■ **Data provided**
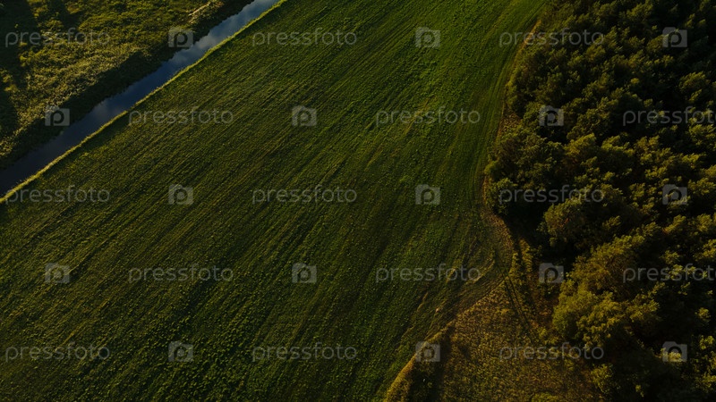 Сельский пейзаж. Зеленые леса и поля. Река течет. Аэрофотосъемка
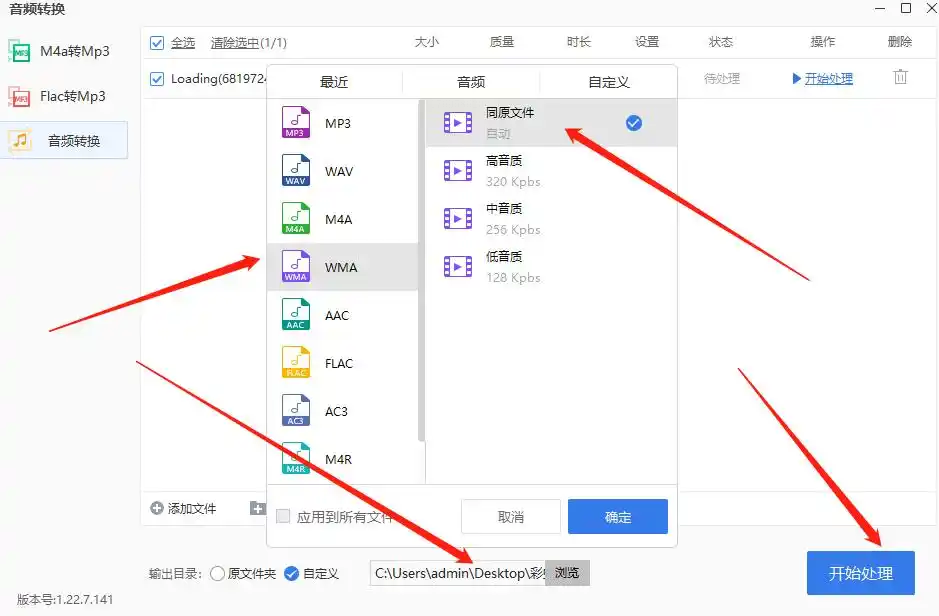 3. 配置输出:选择WMA格式,设置输出路径,点击“处理”,状态栏显示转换进度,完成后可直接打开文件。
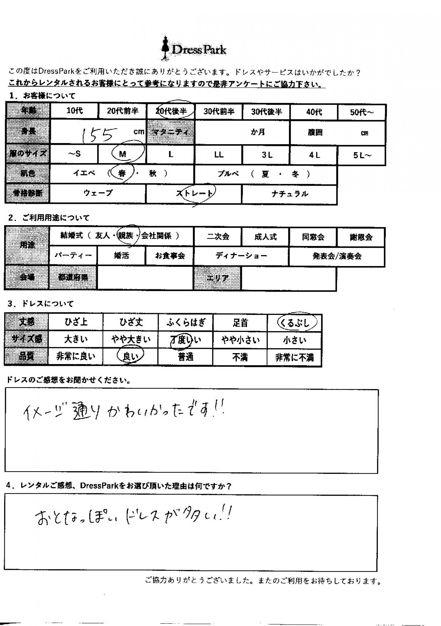 茨城県 N.H様155㎝ Mサイズ #20代#M/L#155~159㎝#結婚式(親族)#茨城県 ◆レンタルしたドレスはこちら ◆レンタルしたサイズは:M ◆レンタルした日付:2025/11/15 ドレスの着用感 ◆点数: (4点) ◆丈感:くるぶし ◆サイズ感:丁度いい ◆品質:良い ◆肌色:イエベ ◆骨格診断:ストレート ドレスの感想 イメージ通り可愛かったです! レンタルのご感想、DressParkをお選び頂いた理由 大人っぽいドレスが多い! CUSTOMER REVIEWS お客様の声 気になるカテゴリー別にご利用の感想をチェック! ◆AGE 年代で見る 10代 20代 30代 40代 50代~ ◆SIZE サイズで見る SS/S M/L 大きいサイズLL~ ◆HIGHT 身長で見る 140~149㎝ 150~154㎝ 155~159㎝ 160~164㎝ 165~169㎝ 170㎝以上 ◆マタニティ ~3か月 4~6か月 7~8か月 9~10か月 ◆肌色 イエベ ブルべ ◆骨格診断 ウェーブ ストレート ナチュラル ◆利用シーン 結婚式(友人) 結婚式(親族) 結婚式(会社関係) 二次会 成人式 謝恩会 パーティー その他 CUSTOMER REVIEWS都道府県別お客様の声 都道府県別にのお客様の声をチェック! 北海道 青森県 岩手県 宮城県 秋田県 山形県 福島県 茨城県 栃木県 群馬県 埼玉県 千葉県 東京都 神奈川県 新潟県 富山県 石川県 福井県 山梨県 長野県 岐阜県 静岡県 愛知県 三重県 滋賀県 京都府 大阪府 兵庫県 奈良県 和歌山県 鳥取県 島根県 岡山県 広島県 山口県 徳島県 香川県 愛媛県 高知県 福岡県 佐賀県 長崎県 熊本県 大分県 宮崎県 鹿児島県 沖縄県 CUSTOMER REVIEWSエリア別お客様の声 都道府県別にのお客様の声をチェック! 札幌 仙台 名古屋 軽井沢 金沢 神戸・芦屋 博多 那覇 梅田・新大阪 難波・心斎橋 鎌倉・湘南 横浜・みなとみらい 舞浜・浦安・幕張 大宮・浦和 青山・表参道 六本木・麻布 渋谷・恵比寿 新宿 池袋 銀座・丸の内 お台場・汐留 鹿児島市 郡山市 福島市 東予 甲府・石和 LINEでお問い合わせ このサイトではJavaScriptを使用しています
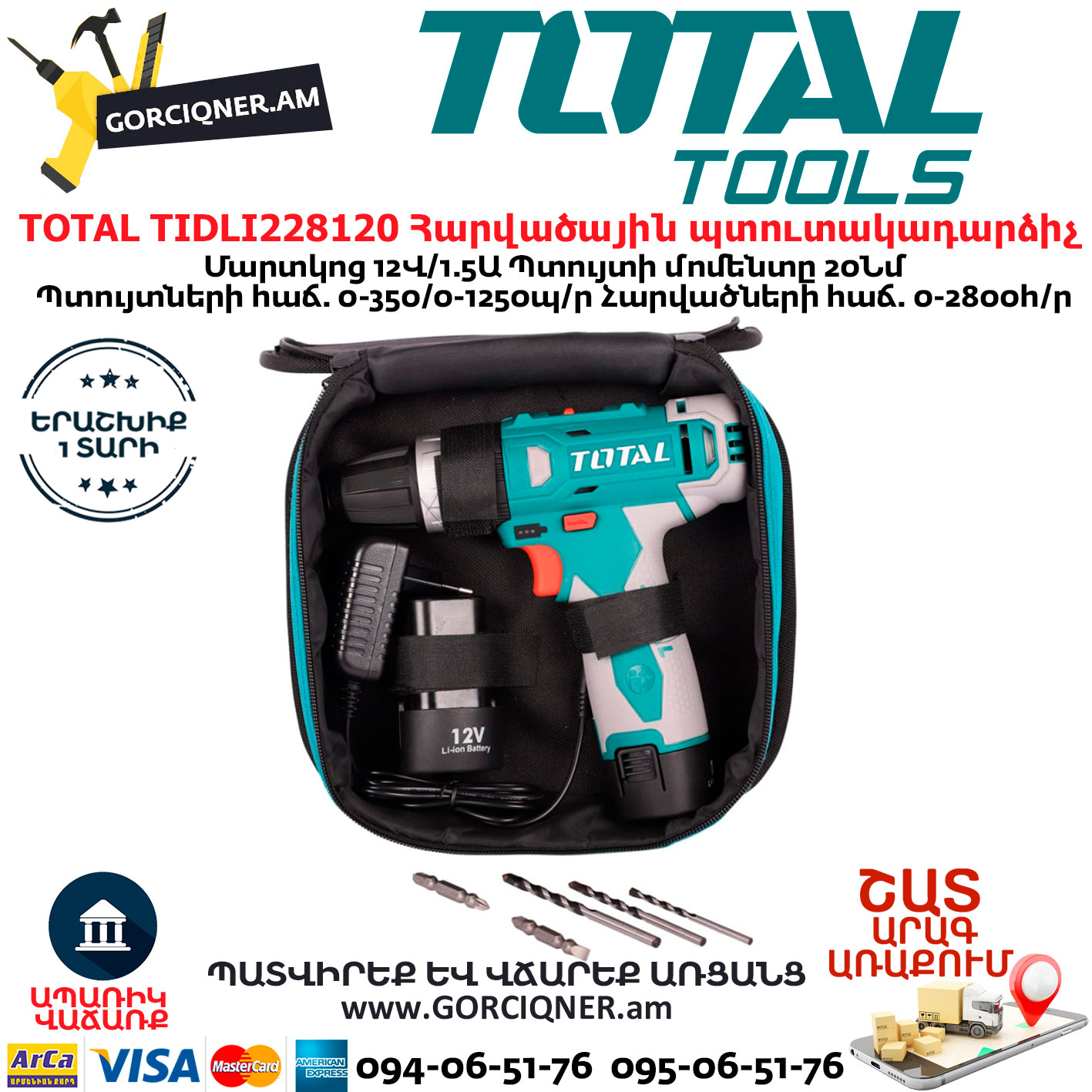 TOTAL TIDLI228120 Հարվածային մարտկոցով պտուտակադարձիչ 12Վ

■ **What is being asked**
From the first line above to the line containing "3. 配置输出:选择WMA格", repeat each line exactly. Pictures stay out.

■ **Answer to the exercise**
 Сельский пейзаж. Зеленые леса и поля. Река течет. Аэрофотосъемка
 3. 配置输出:选择WMA格式,设置输出路径,点击“处理”,状态栏显示转换进度,完成后可直接打开文件。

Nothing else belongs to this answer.